Fünf Minuten später müssen sich alle Teams draußen vor dem Flugfeld einfinden. Sicherheitseinweisung durch Christian Siegmund von der Hochschule Bremen:
"Man kann im Stehen einfach besser ausweichen, wenn Objekte auf einen zukommen, das hört sich jetzt lustig an. Das ist aber so, also bitte stehen! Und die zweite wichtige Regel: Rakete im Auge behalten..."
Nachwuchsförderung für die Raumfahrt
Inmitten der Schüler steht auch Dirk Stiefs vom Deutschen Zentrum für Luft- und Raumfahrt DLR in Bremen. Er hat die zehn Teams mit einer Jury ausgewählt und weiß, worauf es ankommt beim CanSat-Wettbewerb: Die Technik soll natürlich funktionieren, belastbare Messergebnisse liefern. Aber auch der Lernfortschritt der Teams spielt eine Rolle und ihre PR-Arbeit: Wie verkaufen die Schüler quasi ihr wissenschaftliches Produkt im Vorfeld?
"Das ist natürlich Nachwuchsförderung für Raumfahrt, aber auch allgemein Naturwissenschaften, Technik. Da werden ja Fachkräfte dringend gesucht, und da muss man früh anfangen, für Nachwuchs zu sorgen. Und das Schöne an dem Wettbewerb ist, dass es nah an echten Raumfahrtmissionen gestaltet ist und dass die Schüler quasi schon diese Projektarbeit, die Dokumentation und alles kennenlernen und auch in einem frühen Stadium da Erfahrungen sammeln."
"So, startbereit, und wir starten in fünf, vier, drei, zwei, eins..." (Rakete startet)

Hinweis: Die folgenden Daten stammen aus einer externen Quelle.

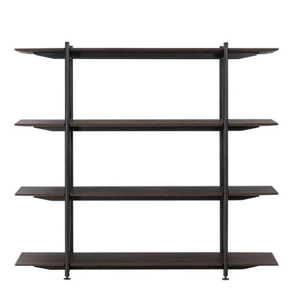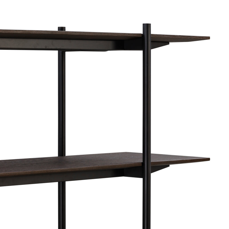 The Formal Shelving system by kindred spirit and long-time collaborator, Jonas Wagell, is constructed with only two materials. Framing and supporting the slim shelves in brown stained oak veneer, a structure consisting of horizontal and vertical trussed poles in black powder-coated steel creates a sturdy grid with subtle joints.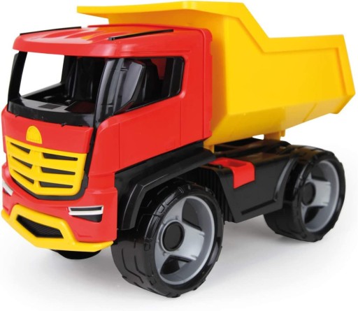Pojazd Wywrotka Tytan 51 cm w pudełku Plastikowy samochód z wysuniętym nadwoziem do ciężkich ładunków o maksymalnym obciążeniu statycznym 100 kg. Korpus można zabezpieczyć przed niepożądanym kołysaniem.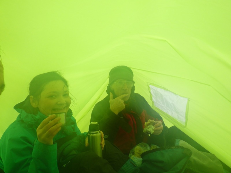 late breakfast tea stop in amongst the trees with views up the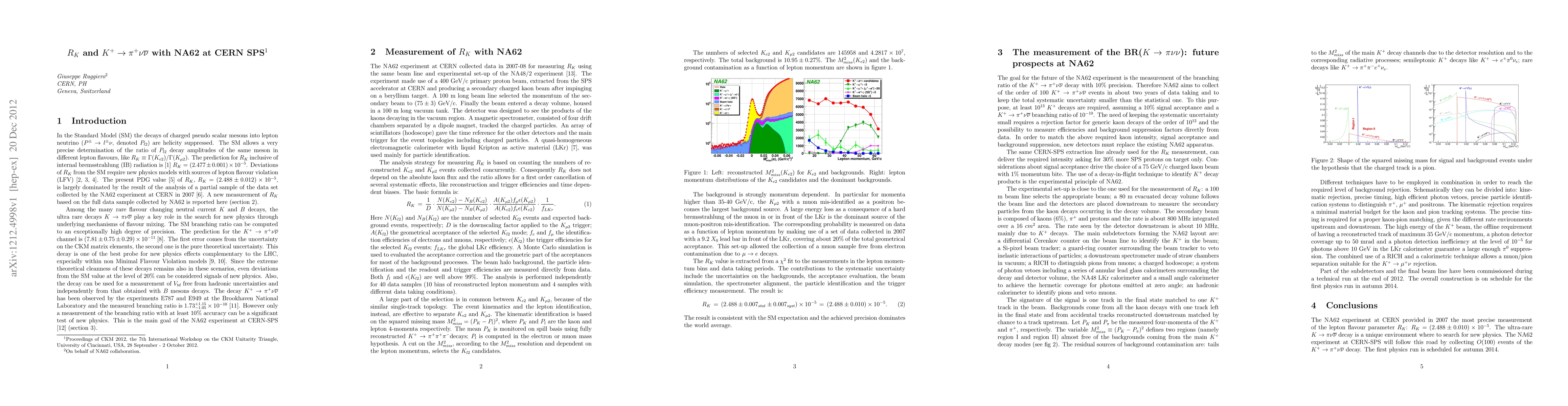 The NA62 experiment at CERN SPS has measured the ratio $R_K$ of $K^+\rightarrow e^\pm\nu$ and $K^+\rightarrow \mu^\pm\nu$ decay rates with high precision, confirming Standard Model predictions. The NA62 aims to observe around 100 ultra-rare $K^+\rightarrow\pi^+\nu\bar{\nu}$ decays over two years, providing a clean test for new physics.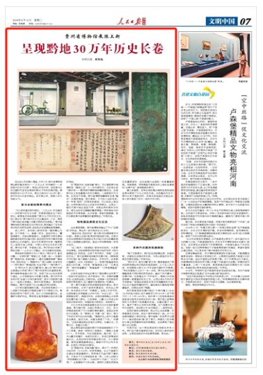 “與之前的基本陳列相比,‘人文山水 時光峰巒——多彩貴州歷史文化展’的策展思路發生了很大變化。新展首次系統梳理了貴州30萬年歷史文化,核心理念為‘貴州是中華文化主藤結的一個瓜’,展現了貴州地區逐步融入華夏文明的歷史進程。”貴州省博物館陳列展覽部主任劉秀丹說,展覽融合了多年的考古和歷史研究成果,講述的歷史故事脈絡更清晰。

Um kurz nach zwölf ist es dann soweit, zwei Minisatelliten sind in der 1,70 Meter langen Rakete verstaut. Die wird in rund 500 Meter Entfernung gestartet, ist nur kurz zu sehen, bevor sie im milchig-grauen Himmel verschwindet.
Team Spaece aus Lörrach findet seine Satelliten-Dose später in einem Gewerbegebiet hinter dem Flugplatz, der Wind hat das Teil samt Mini-Fallschirm weit abgetrieben.
Kai: "Das ist unser Satellit! Also das Carbon ist nicht gebrochen, sieht leicht ramponiert aus, weil der Kleber hat nicht so gut gehalten, wie wir dachten. Aber im Endeffekt, denken wir, ist alles heil geblieben."
Auch die SD-Karte ist intakt, wie sich später zeigt, und hat die wichtigsten Messdaten gespeichert. Mission erfüllt für Team Spaece an diesem Vormittag!